Hi baseball analysis experts,
I have been reading your articles on pitchf/x data analysis, and have been trying to tailor the information your provide to my goal of analyzing historical data on the season level, play-by-play level, as well as the pitchf/x pitch-by-pitch level. My goal is to create a database with this data and analyze it in SPSS and R. So far, I have been able to create .csv files for retrosheet games, events, and substitutions for data from 1952 to 2014 as well as a .csv file reflecting the season-level player data from Lahman’s database.
Three challenges arise that I wonder if someone can speak to:
First, how can I determine when it’s necessary to combine tables (e.g., “at bats” and “pitch”) and/or datasets (retrosheet, layman, pitch-by-pitch) (or not) with the goal of looking for interactions between these variables.
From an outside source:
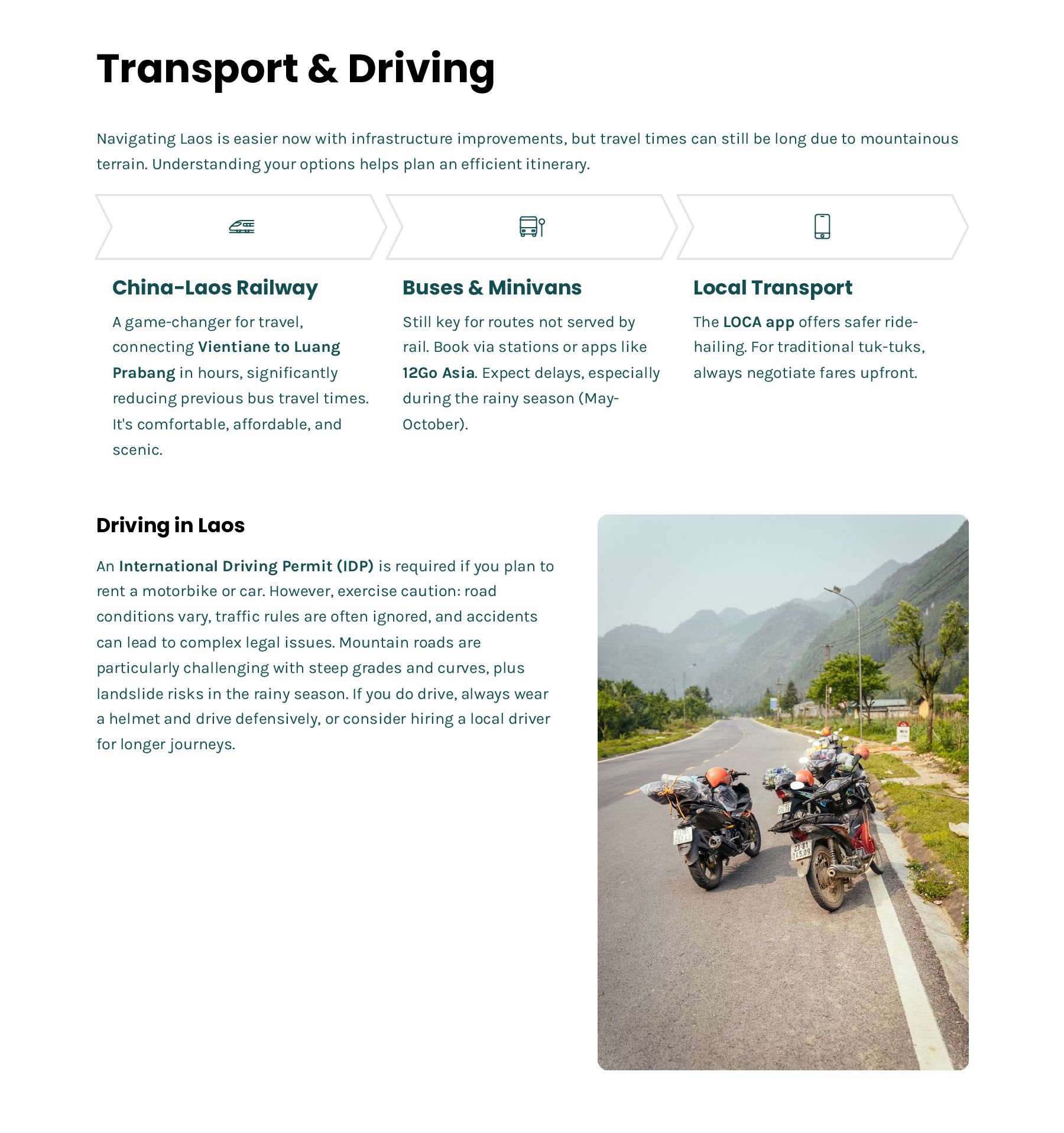 Transport & Driving – China-Laos Railway tips, buses and minivans, tuk-tuk negotiation, and driving safety with an International Driving Permit.

I noticed that Carson recommends to split some data into separate files and combining other data into the same file in the R directory. Given my goal, which data should be kept separate and which combined, and what’s the rationale for doing one or the other other than having sufficient space on my hard drive and for making it take the least amount of time to run an analysis?
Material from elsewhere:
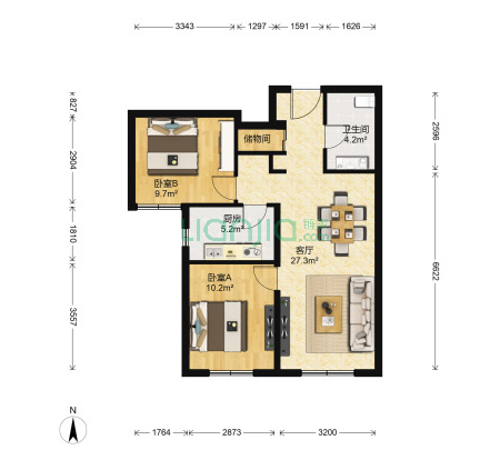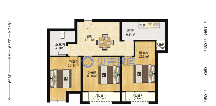 大宅3:浴室B在客厅A,浴室A占空中积5.7平。浴室B占空中积3.7平。

Next, what I’m missing is historical pitcher data that includes or can be manipulated to include indices like ERA, WHIP, FIP, SIERA, etc., not only on the season-level but also season-to-date (at any point during a given season). Do you know if this pitcher-specific data is derivable from the pitch fx or the retrosheet database and if not directly, then via manipulating the data to create new columns reflecting those indices?
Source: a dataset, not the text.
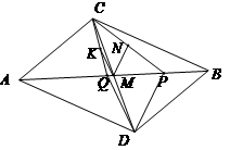 Комментарии от администратора Комментарии от администратора №1. Ответ. $40 ^\circ $. Решение. Достроим треугольник до параллелограмма $ACBD$. Тогда $M$ является серединой отрезка $CD$. Так как $AP = BC = AD$ и $BQ = AC = BD$, треугольники $APD$ и $BQD$ — равнобедренные. Поэтому $\angle QDP = \angle ADP+\angle BDQ - \angle ADB= (90^\circ - \angle DAB/2)+(90^\circ - \angle DBA/2) - 100^\circ = 80^\circ- \angle DAB+\angle DBA)/2 = 40 ^\circ $. Осталось заметить, что $\angle QDP = \angle KMN$, так как $MK$ и $MN$ — средние линии треугольников $DQC$ и $DPC $ соответственно.

Also, what is the best way to determine when tables and/or data subsets should be joined/merged and when they should be separate if my ultimate goal is to use all of this data to do both linear and non-linear modeling for prediction purposes.
Needless to say, your articles have been enlightening, and the information your provided has been a big help so far.
Any guidance on this would go a long way.
Thank you in advance.
Lee
Lee, regarding how to manage data tables, I just focus on the questions I’m interested in addressing, and then merge the relevant data frames so that all of the variables of interest are in a single data frame. For example, for the pitchRx tables, I combine variables from the atbat and pitch data frames to learn about swing and missing for different batters, or different pitchers. The point is that I would merge datasets in unique ways, depending on the goal of the study.
Just figured out the Carson is also one of the guys behind Plotly. I just thought you were the “pitchRx guy.” 😉 Good work Carson!
I’m friends with a pitching coach in a minor league organization and need some help with a baseball stat. Here is the question. If I had a way to take away 1, 2 or 3 hits per game how many games would a team win over a 162 game season? Is this something you could help with? I just need an estimation. Thanks. Scott
Scott, what do you mean “to take about 1, 2, or 3 hits per game”? Jim
just looking at the stats. 2 hits equals 1 run. 10 runs equals a 1 win. One hit in 162 games is equal to 81 runs or 8.1 wins per season. Is this correct? Scott
Jim,
“to take away” a single hit per game or two hits or three hits per game. How would that translate into wins over a 162 game season.